[Extracted data]
╭──
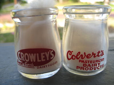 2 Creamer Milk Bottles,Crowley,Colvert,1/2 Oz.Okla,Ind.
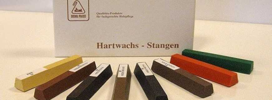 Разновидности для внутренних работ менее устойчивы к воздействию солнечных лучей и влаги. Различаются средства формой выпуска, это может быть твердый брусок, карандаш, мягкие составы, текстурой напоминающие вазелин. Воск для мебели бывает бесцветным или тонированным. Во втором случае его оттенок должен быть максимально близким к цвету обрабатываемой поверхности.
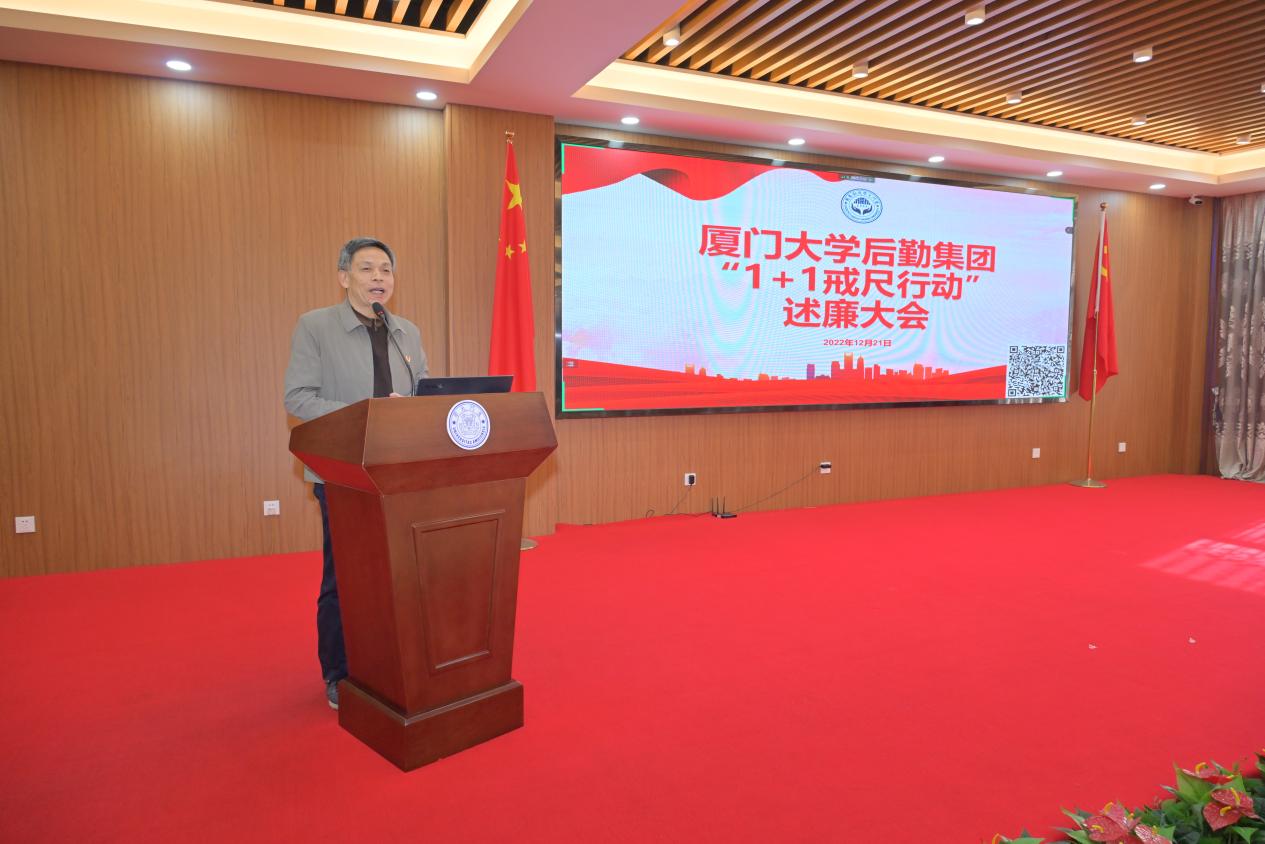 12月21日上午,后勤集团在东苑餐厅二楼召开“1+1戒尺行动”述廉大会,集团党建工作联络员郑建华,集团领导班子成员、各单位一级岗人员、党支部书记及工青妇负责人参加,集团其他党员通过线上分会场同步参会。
╰──
╭──
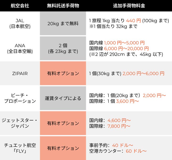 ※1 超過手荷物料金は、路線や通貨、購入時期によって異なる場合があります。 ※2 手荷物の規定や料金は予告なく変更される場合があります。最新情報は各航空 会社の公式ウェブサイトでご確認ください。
╰──
[What is required]
In the data above, find the line containing "2 Creamer Milk" and the line containing "12月21日上午,后勤集团在". Repeat those two lines and everything between them exactly, minus the pictures.

[Exercise output]
 2 Creamer Milk Bottles,Crowley,Colvert,1/2 Oz.Okla,Ind.
 Разновидности для внутренних работ менее устойчивы к воздействию солнечных лучей и влаги. Различаются средства формой выпуска, это может быть твердый брусок, карандаш, мягкие составы, текстурой напоминающие вазелин. Воск для мебели бывает бесцветным или тонированным. Во втором случае его оттенок должен быть максимально близким к цвету обрабатываемой поверхности.
 12月21日上午,后勤集团在东苑餐厅二楼召开“1+1戒尺行动”述廉大会,集团党建工作联络员郑建华,集团领导班子成员、各单位一级岗人员、党支部书记及工青妇负责人参加,集团其他党员通过线上分会场同步参会。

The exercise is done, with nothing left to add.